Mein Argument: "Hunderte Menschen waren in der Stadthalle dabei und haben offensichtlich vor Begeisterung getobt. Wer solchen Klamauk nicht mag, geht eben einfach nicht hin. Wer nichts darüber in der Zeitung erfahren möchte, muss den Artikel nicht lesen, sondern kann ihn einfach ignorieren und weiterblättern."
Der Leser meinte dazu: "Ignorieren ist ein gutes Stichwort, denn wenn die Zeitung in solch großem Umfang darüber berichtet, macht sie diesen Unsinn gesellschaftsfähig und bietet ihm außerdem noch ein Podium für noch mehr Öffentlichkeit, was einer Reklame dafür gleichkommt. Man sollte so etwas mit Ignoranz strafen."

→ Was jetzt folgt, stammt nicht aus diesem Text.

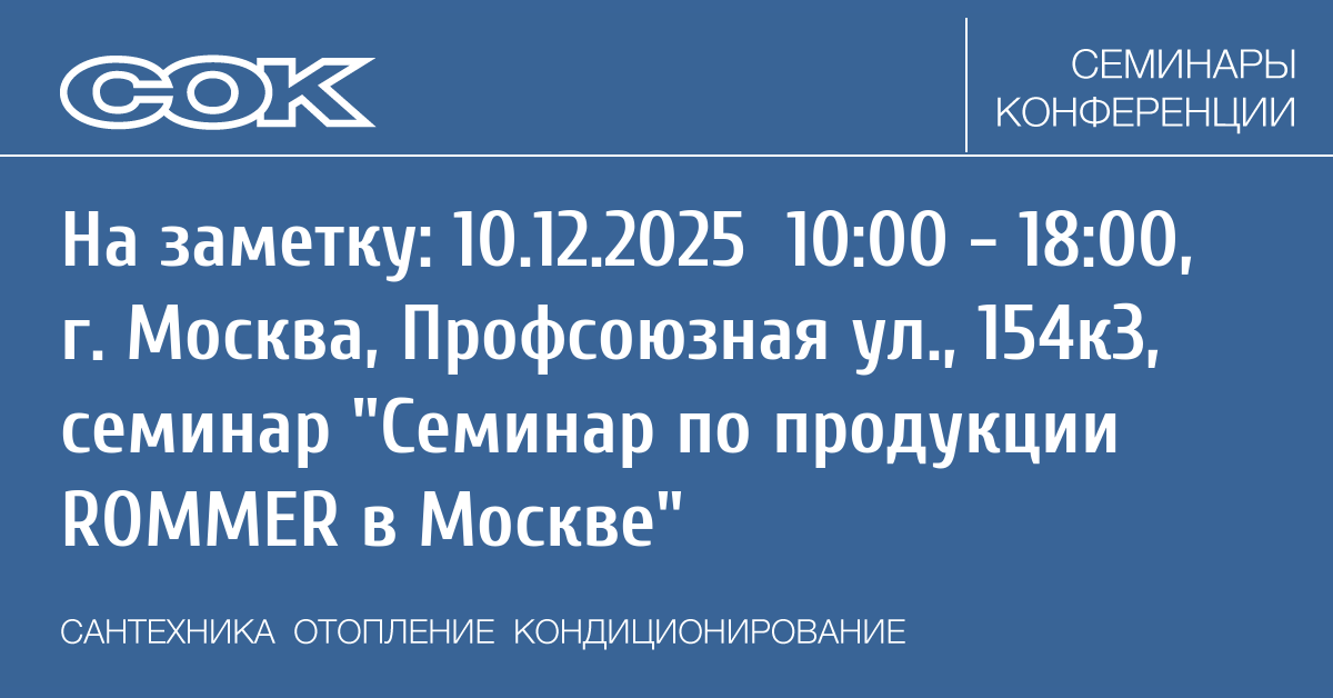 - 10.12.2025 10:00 - 18:00 Seminar Семинар по продукции ROMMER в Москве

Ich fragte zurück: "Aber wie soll man es dann als das, für das Sie es halten und für verwerflich erachten, entlarven und andere davor warnen?"
Der Mann in der Leitung erwiderte: "Das muss man gar nicht, so etwas disqualifiziert sich von selbst. Wer es einmal erlebt hat, erzählt anderen davon und geht selbst nie wieder hin."
Das sah ich anders: "Ich befürchte, dass ich Ihnen da widersprechen muss, denn die Erfolgskurve dieser Frau geht, soviel ich weiß, von unten nach oben und nicht andersrum, was bedeutet, dass man, wenn man diesen Trend stoppen will, ihm etwas entgegensetzen muss, und das kann eine Zeitung, in dem sie kritisch berichtet, durchaus leisten."
Der Anrufer wagte, obwohl er sich, wie er eingangs betont hatte, einen eher kühnen Vorstoß, was seine Wortwahl betraf: "Aber muss ich deshalb gleich etwas übers Onanieren lesen? Muss man solchen Schmutz wiederholen? Man kann doch auch mit gewählteren Worten eine Kritik verfassen, wenn es denn schon sein muss."
An dieser Stelle breche ich den Bericht über diesen kontroversen Dialog ab, weil wir uns auch in den folgenden zehn Minuten nicht wirklich angenähert haben, denn ich habe konsequent das Zitieren der Zoten dieser Kunstfigur verteidigt, während der Leser darauf beharrte, Schmutz bleibe auch dann dreckig, wenn man zu ihm auf Distanz geht. Das abschließende Wort möchte ich gern dem Anrufer überlassen, er sagte: "Ich habe gelesen, dass diese Frau nach Amerika will, um dort am Broadway ihrer Karriere einen weiteren Schub zu verleihen." An dieser Stelle machte er eine kurze Pause, bevor er hinzufügte: "Ich gehe mal davon aus, dass die Menschen dort tatsächlich so prüde und konsequent in der Ahndung von Verstößen gegen Sitte und Moral sind, denn dann wird sie irgendwann im Gefängnis landen, und ich wäre der Letzte, der dann Mitleid mit ihr hätte."